Klasyfikacja generalna MŚ (po 7 z 18 wyścigów):
1. Kubica - 42 pkt,
2. Hamilton, Massa - po 38,
4. Kimi Raikkonen (Finlandia/McLaren) - 35,
5. Heidfeld - 28,
6. Kovalainen, Mark Webber (Australia/Red Bull) - po 15,
8. Trulli - 12,
9. Fernando Alonso (Hiszpania/Renault),
10. Rosberg - 8.

Klasyfikacja konstruktorów: 1. Ferrari - 73 pkt, 2. BMW-Sauber - 70, 3. McLaren-Mercedes - 53, 4. Red Bull - 21, 5. Toyota - 17, 6. Williams - 15, 7. Renault - 9, 8. Honda - 8, 9. Toro Rosso - 7.
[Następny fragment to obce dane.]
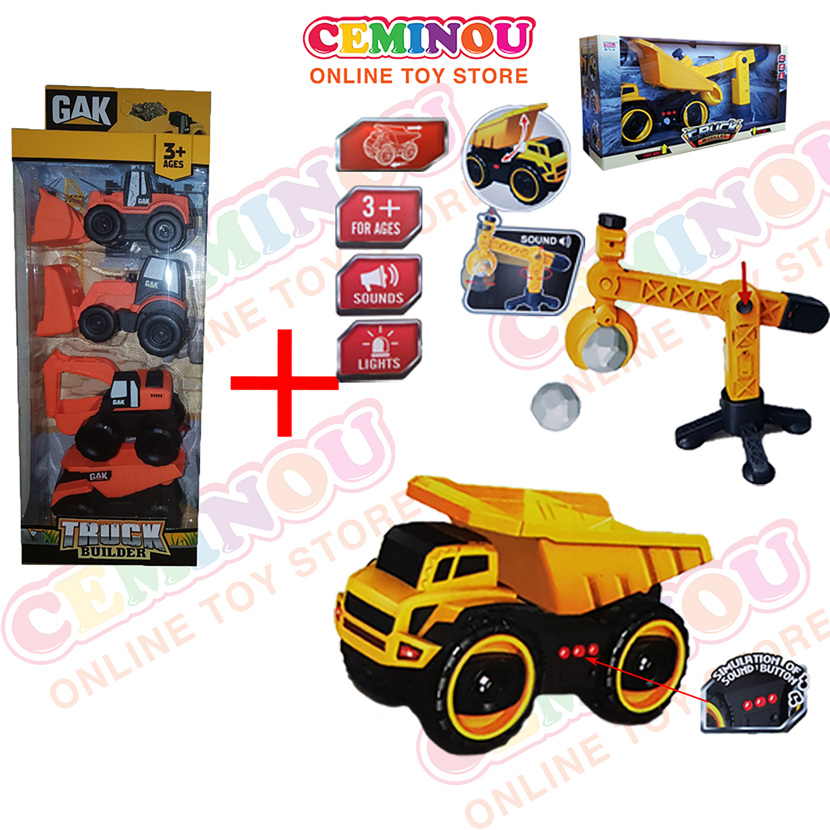 Tipper truck with rock crane, including simulation sounds for both items and flashing light for the truck .Your child will enjoy loading and unloading rocks to the truck via the swiveling crane.

Drugie miejsce zajął partner Roberta Kubicy z zespołu BMW Sauber Niemiec Nick Heidfeld, dzięki czemu team odniósł pierwsze zwycięstwo w rywalizacji producentów. Jednocześnie Kubica objął prowadzenie w klasyfikacji generalnej MŚ kierowców.

Polak w kwalifikacjach zajął drugie miejsce i wyścig rozpoczął z pierwszej linii startowej razem z liderem klasyfikacji generalnej kierowców Brytyjczykiem Lewisem Hamiltonem (McLaren). Po starcie Kubica zdołał utrzymać tę pozycję, a trzeci był Kimi Raikkonen (Ferrari). Po 15 okrążeniach sytuacja na torze nie uległa zmianie. Nadal prowadził Hamilton, z przewagą ponad czterech sekund nad Kubicą. Na trzecim miejscu jechał Raikkonen, który do Polaka tracił ponad trzy sekundy.

Na tym właśnie okrążeniu wyścig zakończył Adrian Sutil (Force India), a na torze pojawił się samochód bezpieczeństwa. Kierowcy z czołówki wjechali do pit lane na zmianę opon i tankowanie. Przy wyjeździe z alei serwisowej na torze pojawiło się czerwone światło. Kubica i Raikkonen zatrzymali się, ale Hamilton nie wyhamował i wjechał w tył bolidu Fina. W ten sposób Brytyjczyk zakończył udział w tym wyścigu, wykluczając z rywalizacji także Raikkonena.

- Widziałem, że pali się czerwone światło, ale nie zdążyłem wyhamować - powiedział Anglik. - Chciałbym przeprosić Kimiego. Mój błąd kosztował go wiele punktów, a może nawet zwycięstwo. To zupełnie inna sytuacja, gdy wypadasz po własnym błędzie. Kiedy wykluczasz innego kierowcę, to bardzo boli

- Po kolizji między Raikkonenem i Hamiltonem powiedziałem sobie: jedź teraz szybko - powiedział Kubica po wyścigu. - Twoje zwycięstwo będzie sensacyjne dla całej ekipy.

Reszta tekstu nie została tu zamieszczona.